DATA BLOCK ▸

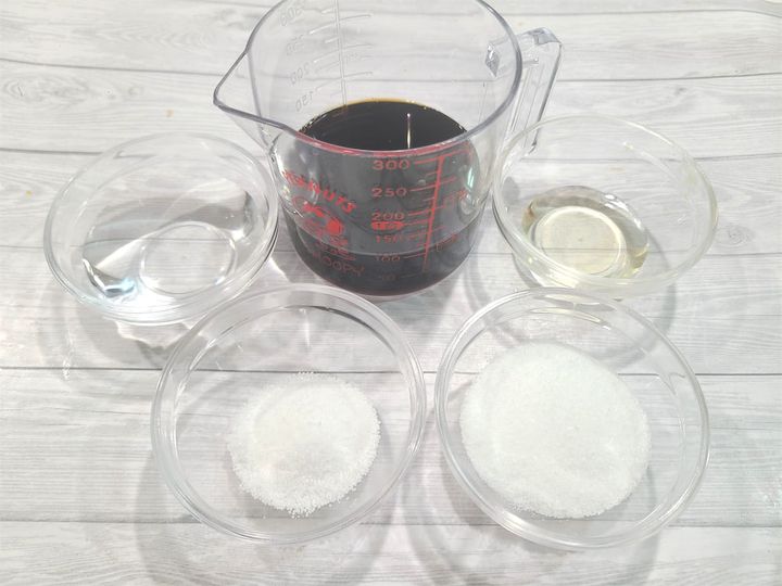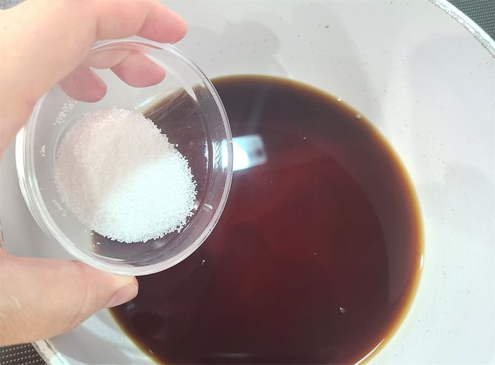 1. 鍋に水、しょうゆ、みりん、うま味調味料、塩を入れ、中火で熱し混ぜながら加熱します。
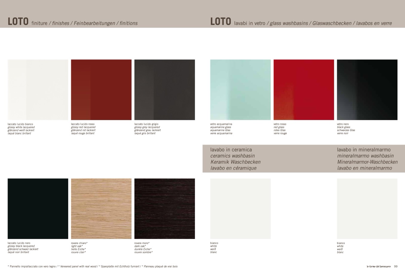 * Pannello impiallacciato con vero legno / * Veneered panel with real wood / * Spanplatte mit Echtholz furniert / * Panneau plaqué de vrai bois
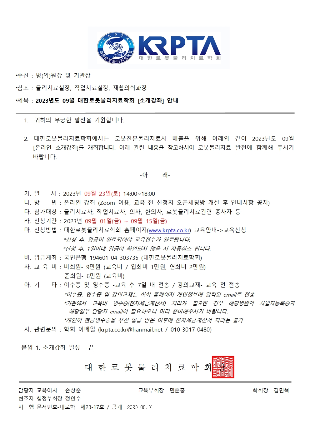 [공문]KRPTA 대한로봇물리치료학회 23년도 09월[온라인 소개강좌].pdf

WHAT YOU NEED TO DO ▸ Set the data above down again exactly as given, with no pictures.

ANSWER BELOW ▸
 1. 鍋に水、しょうゆ、みりん、うま味調味料、塩を入れ、中火で熱し混ぜながら加熱します。
 * Pannello impiallacciato con vero legno / * Veneered panel with real wood / * Spanplatte mit Echtholz furniert / * Panneau plaqué de vrai bois
 [공문]KRPTA 대한로봇물리치료학회 23년도 09월[온라인 소개강좌].pdf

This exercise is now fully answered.